Architecture for scale: Each user has a separate vector namespace in the DB (Pinecone supports multi-tenancy at the namespace level). Memory entries are stored as embedding + metadata (user_id, timestamp, category, raw_text). Retrieval is top-5 by cosine similarity to the current query, filtered by user_id.
The embedding staleness problem: User preferences change. If a user tells the agent they're vegetarian in January but switches to keto in March, both memories will be retrieved and conflict. Mitigation: memory entries have a recency score as a secondary ranking signal (more recent = higher weight). On write, check for conflicting memories and mark older ones as superseded. Mem0 does this with an LLM-powered conflict resolver.
When semantic memory is overkill: Sessions shorter than 10 turns, stateless APIs (each request is independent with no returning users), or when the agent task genuinely has no persistent context. Don't add a vector DB to your architecture if users never expect personalization or session continuity.
Hierarchical Memory System Architecture
Episodic Memory: Time-Stamped Event Logs
Episodic memory, modeled after the Generative Agents paper (Park et al., 2023), stores a time-stamped log of events — things the agent observed, actions it took, and outcomes it received. Unlike semantic memory (which stores facts), episodic memory stores experiences.

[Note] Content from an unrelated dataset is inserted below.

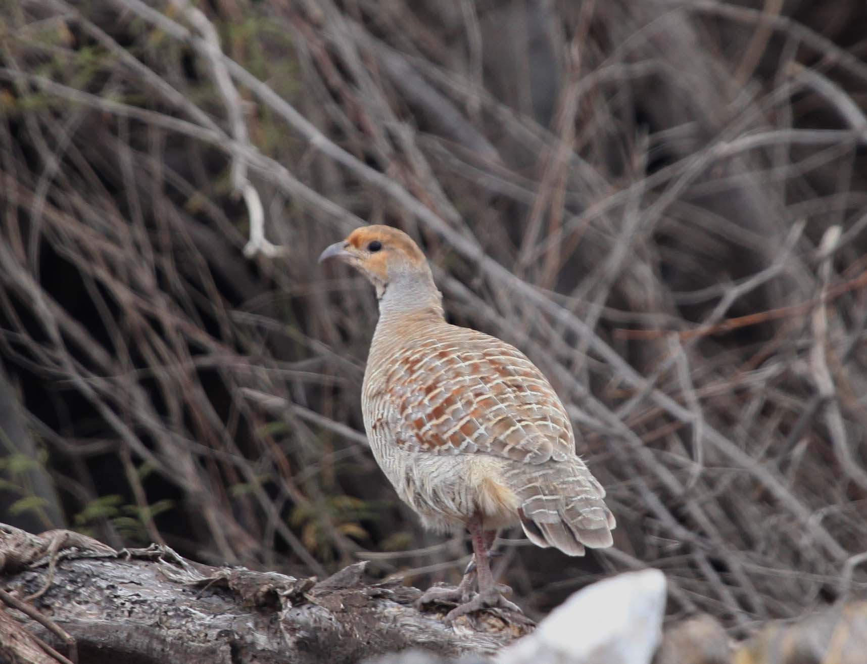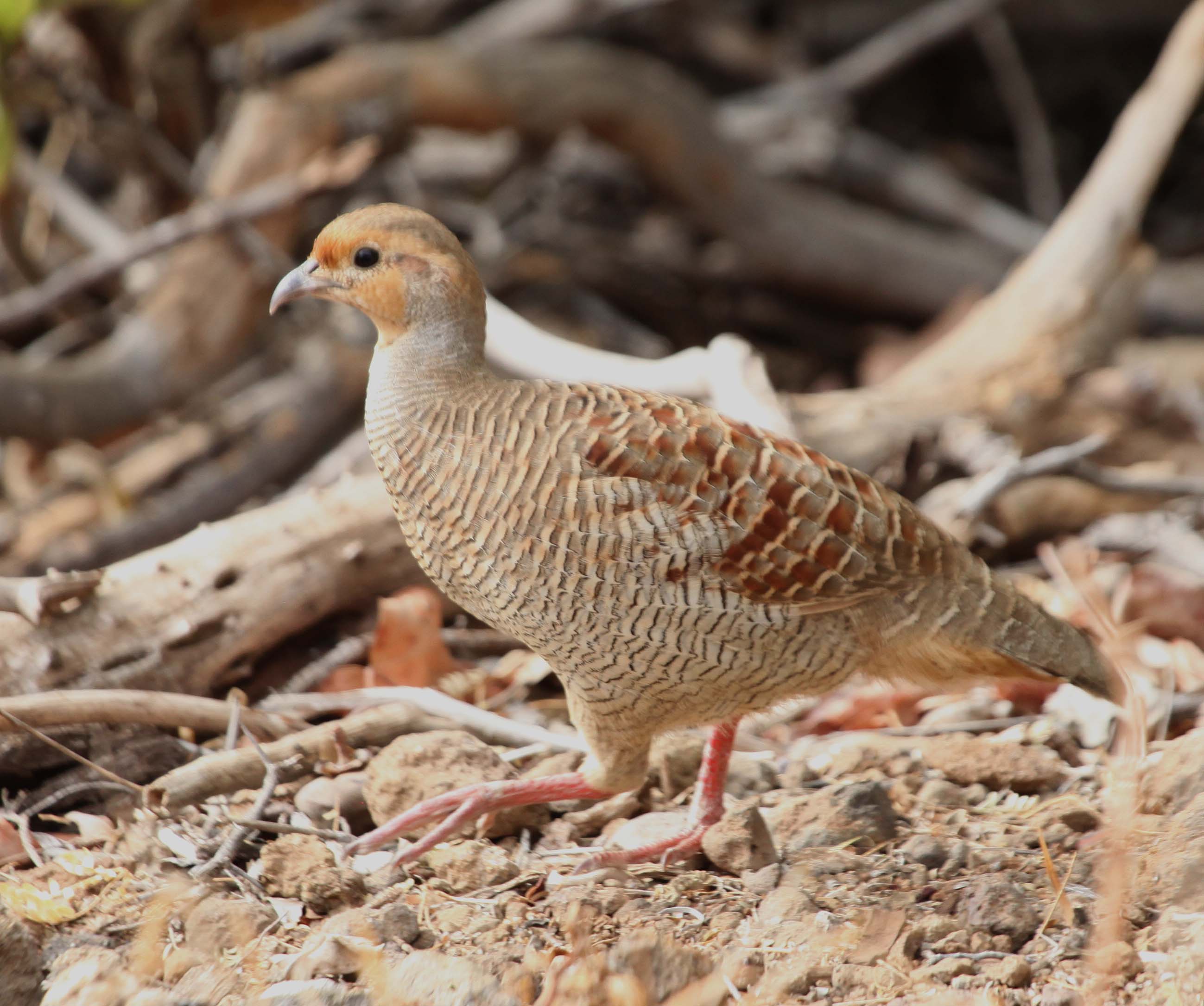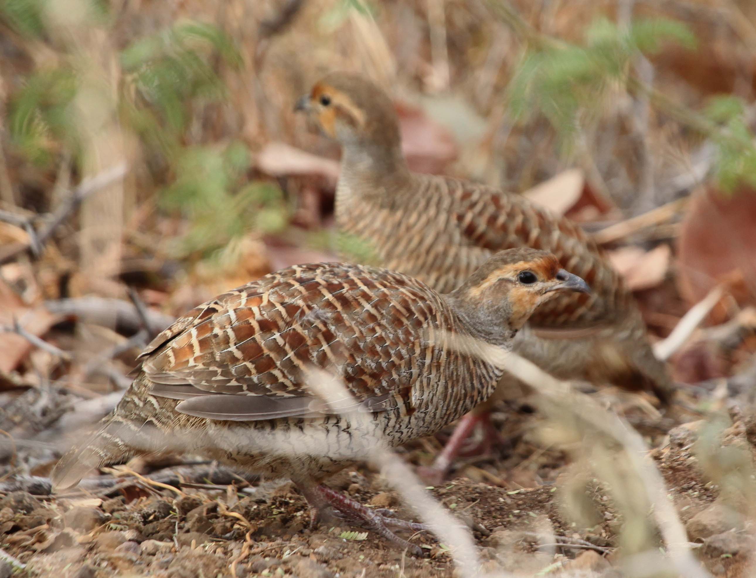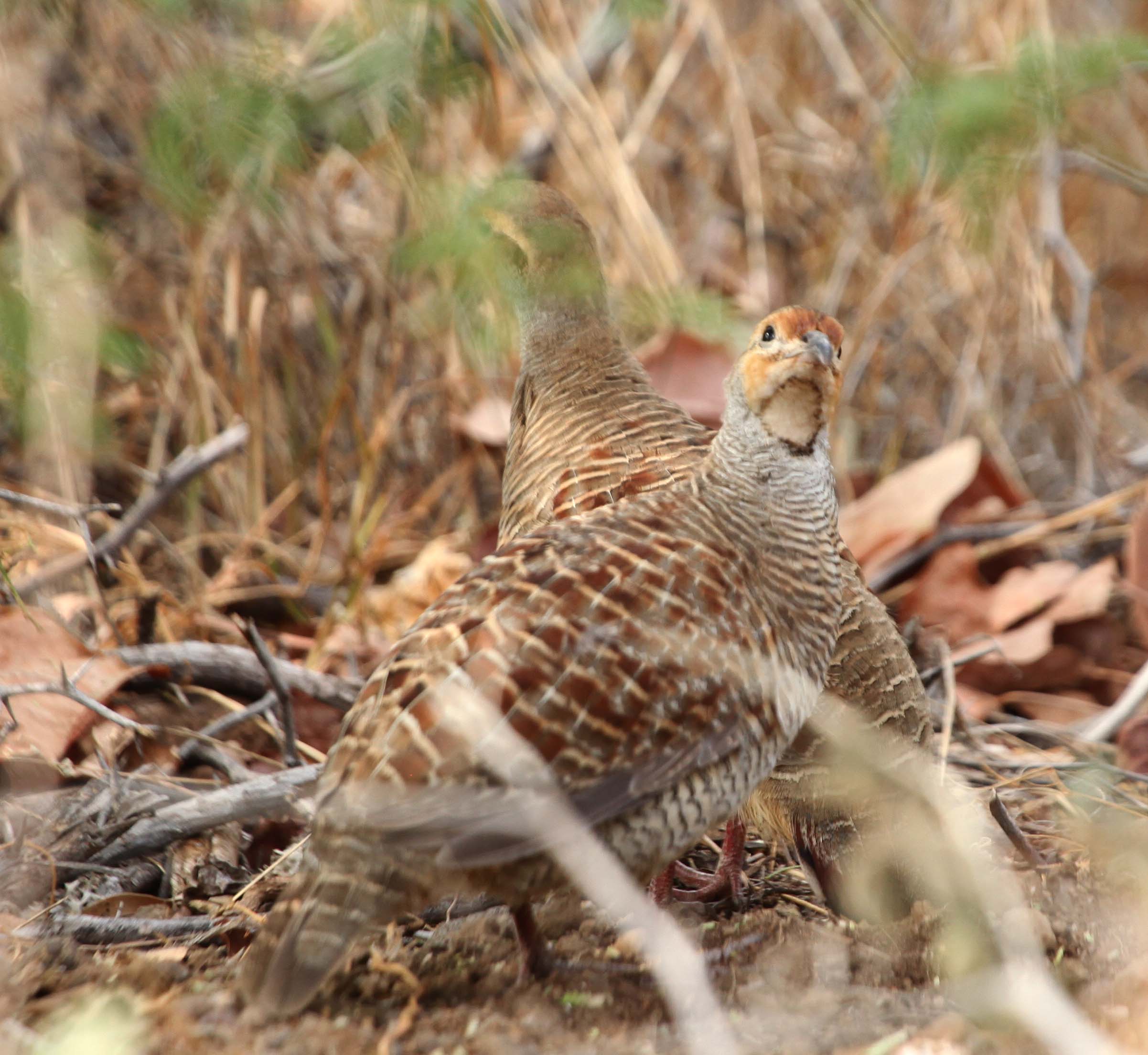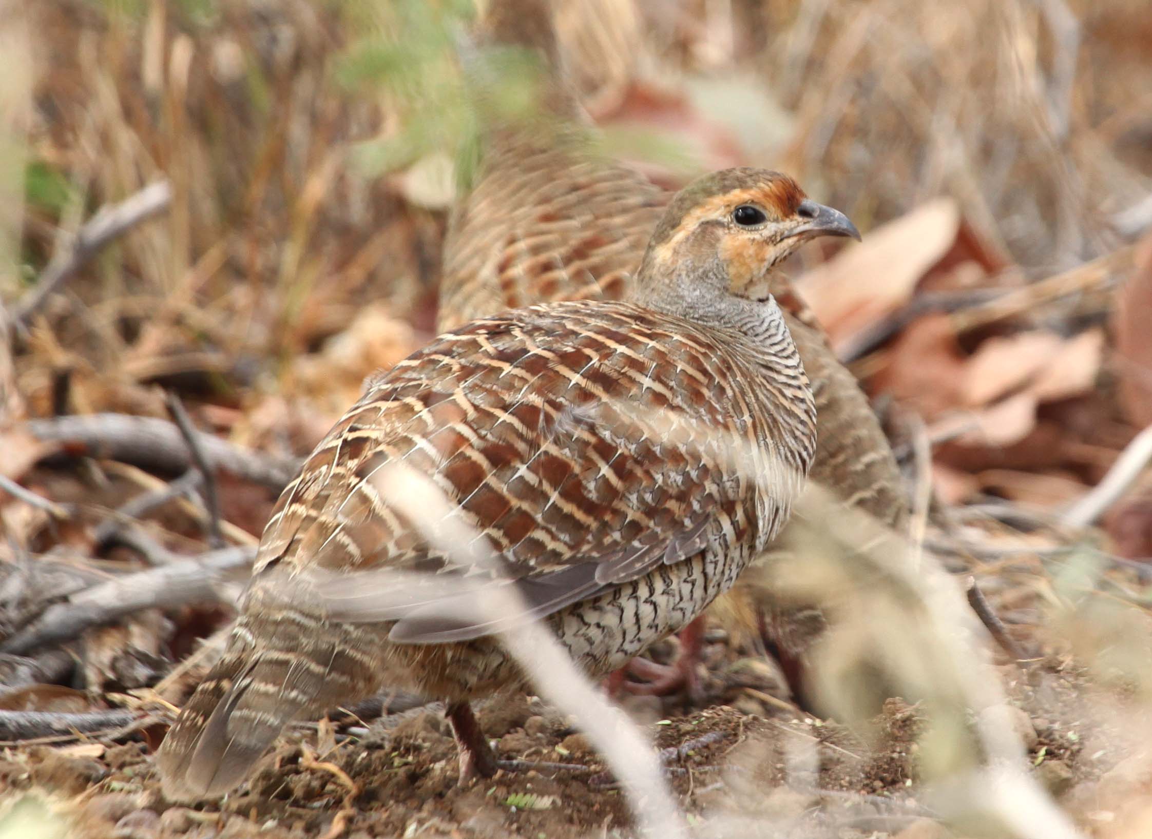 The Grey Francolin is found in the plains and drier parts of South Asia. Diet is seeds, plant shoots, berries and insects.
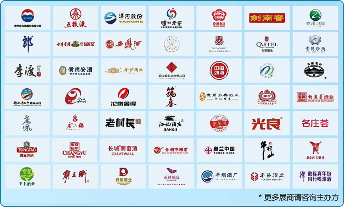 茅台、泸州老窖、剑南春、古井贡酒、珍酒、酒鬼酒、汾酒、庞泉、晋善晋美、吕梁山、国邨、金杏花、中孚、柳裕酒庄、太行山、天青瓷酒、高粱王、山西七星岳、山西杏花清香汾韵酒业、东杏酒业、大美青花、山西杏善酒、杏汾泉、山西汾香酒厂、山西老酒酒广、山西午城酿酒、堡子酒、山西老白千、山西汾酒坝等。

The Generative Agents implementation: Each simulated agent maintained a memory stream — a list of observations with timestamps and an "importance" score (how significant is this event?). Retrieval ranked memories by a weighted combination of: recency (exponential decay from current time), relevance (cosine similarity to current context), and importance (importance score assigned at storage time).
retrieval_score = α·recency + β·relevance + γ·importance
This formula is the key insight: pure semantic retrieval (only relevance) misses important recent events. Pure recency (only recent turns) misses highly relevant but older memories. The weighted combination approximates how humans actually recall things — recent and relevant memories surface strongest.
Production use case: A customer service agent stores each support ticket interaction as an episodic memory. When a user calls back, the agent retrieves the 3 most relevant past interactions by the formula above — not just the most recent. This surfaces a 6-month-old incident that matches the current issue even if more recent interactions are about different topics.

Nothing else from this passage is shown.